Consider having it managed for you
If watching the markets gets you feeling a little dizzy and you are intimidated by the prospect of managing your investments yourself, then you need not worry. There are always ways to automate the process somewhat. If you’re willing to give up some control over where your money goes and accept the risk that comes with that, then you could look into working with a robo-advisor. You can still manage your investments to some degree, such as by setting risk tolerance levels that you want to work with. There are plenty of robo-advisors to work with. However, if you’re willing to spend more money, then you can hire a financial advisor, very much a real person who will take a more hands-on approach.

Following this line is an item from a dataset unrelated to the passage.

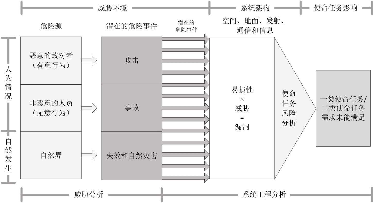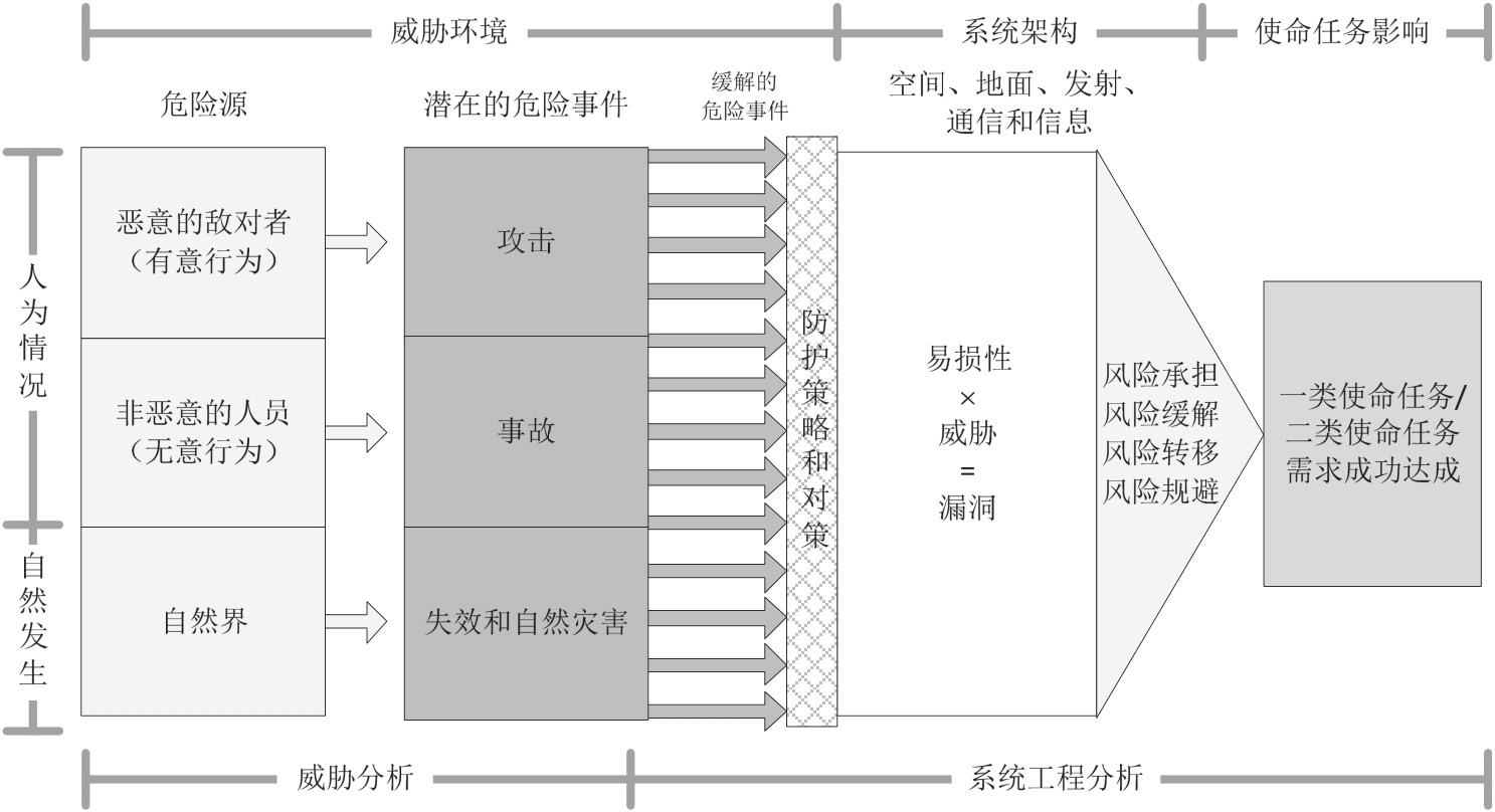 如图中的系统工程分析部分所显示的那样。这一概念由罗伯特·鲍尔在其著作《飞机作战生存能力分析和设计基础》中提出,这本著作属于飞机生存学科的开创性工作。当然,这个概念适用于任何系统,包括航天器和信息基础设施系统。诸如尺寸、结构、运行使用构想、通信链路和其他子系统等因素都可能导致系统产生固有的弱点。当这些固有的设计特征被潜在的威胁所针对时,系统的漏洞和弱点就会变得明显。这是在空间系统及其架构的设计方案开发领域的基本认知。图4.1-7中的方法与NASA空间资产保护计划所采用的方法的不同之处在于,在NASA使命任务的开发过程中,会考虑包括故意恶意威胁在内的各种威胁。

Always pay attention to costs
There’s money to be grown in investing, of course. However, there’s also money to be spent. This goes beyond the potential losses that you can make with your investments, as well. There are fees and real costs that come with investing. This can include the costs of using various investing platforms. There are other costs such as annual and custodian fees for being able to trade on the market. If you’re investing with mutual funds, then there are going to be costs such as an expense ratio which will get paid as a percentage on the overall value of money you have in the fund. Accounting for the costs of investing is important if you want to get a real idea of how much you’re actually making from it.
Practice makes perfect
Taking the time to learn how to make investments can be very useful for giving yourself a better chance of using your money more mindfully. However, you can go beyond reading up on investment strategies and learning how to use trading platforms. There are investment simulation tools that can help you play on the market with fake money, so you can start to get a better idea of how to manage various investments, how to balance your risk, and how to buy and sell in ways that fit your strategy. It’s not exactly like the real thing since the potential to lose or gain real money are always going to weigh more heavily than simulating it, but they can be very helpful.
The factors that determine your investment strategy are likely going to be down to your personal circumstances and goals largely. However, the questions posed by the points above are worth thinking of, at least.